Ernie cried today. He cried tears of sadness, fear, and countless other emotions that he probably doesn’t let himself feel very often. We provided him with space—space to process and space to feel. The tears came in waves, at times replaced with laughter and stories, most of which we have heard 100 times. Today, in the midst of it all, he called us friends. The world would label Ernie as poor, filthy, lowly, despised, and less than. They would see his dirt-stained clothes, his long dirty fingernails, and notice the odor coming from not having running water for a long time and turn away from him. Most of the world has already done this. His blunt and often times emotionally charged speaking style would stop any chance of trying to engage in conversation with him. I doubt many give Ernie the time of day and most do what they can to avoid him. Today, Jesus would sit with him, hug him, and tell him he loves him.

Ernie came to us today in tears because he is moving out of town today. He worries about his friend (“dad”) Dave and what will become of him. They are losing their place and have nowhere to go but the streets if they stay in town. Moving back north for Ernie would mean having some options for living, but it would mean leaving his “hometown” here in Knoxville. There really are no other options for them, and at one point we even offered to help them leave town. Stable housing is only one of many, many issues that have been a struggle for Ernie. Today, tears flowed as he told us of his plans to leave town and leave Dave behind.

It wasn’t long after we opened in 2019 that Ernie came in with Dave seeking help with housing. Dave had a very large knife on his side and another in his pocket and Ernie was angry and not holding it back too much. Honestly, being brand new to this, we weren’t quite sure how to manage this. Over the next couple of months there were some tough and heated moments where both Dave and Ernie would storm out, more than once, yelling and swearing at us. Today he apologized for that. Today, through tears, he asked us to take care of Dave and make sure he gets a place and doesn’t go back to prison.

In contrast to then, Ernie now is intentional about not swearing, or at least apologizing after he does.
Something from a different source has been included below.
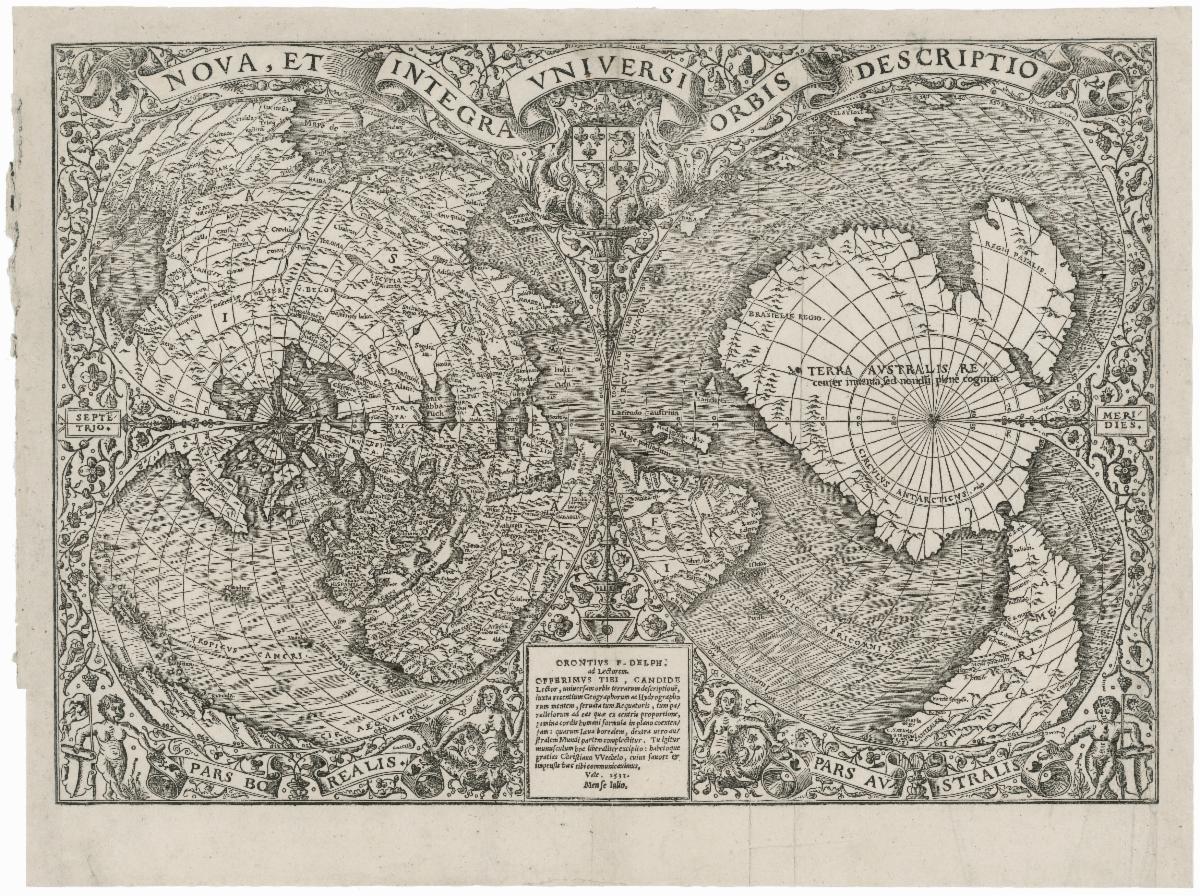 World. FINE, O. [Paris, 1531 [1532]] Nova, Et Integra Universi Orbis Descriptio . . . Orontius F. Delph . . . 1531 Mense Julio. 11 3/8 x 16 1/4 inches. Woodcut with a strong printing impression; overall near excellent. $49,500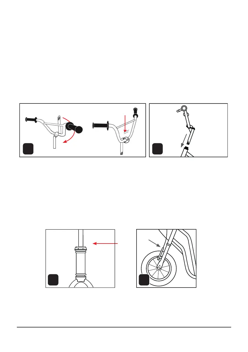 6. Insert the handlebar rod into the handlebar tube (picture 4). Adjust the height of the handlebars according to the rider’s

Ernie lets down his guard to talk about past hurts from when he was a little kid and trusts us not to judge, not to hurt him. He lets us talk to him about God’s plans for him, share scripture, speak truth over him, to share Jesus’ love for him and how important he is. Today, as hard as it is for him to accept, he felt genuinely loved. We get the chance every day to be the hands and feet of Jesus to the world. We get the chance to love the unloved, hug the unhugged, and listen to the ignored. I think about the people Jesus spent time with, the lowly people he ate meals with, the hated that he called to his side, and the lepers he embraced. I think about how easy it would have been, from day one, to push Ernie and Dave aside and define them by their choices, by their situation, and by how the world defines people like them. Today, Jesus would have hugged Ernie—he would have shown Ernie love—just as we did.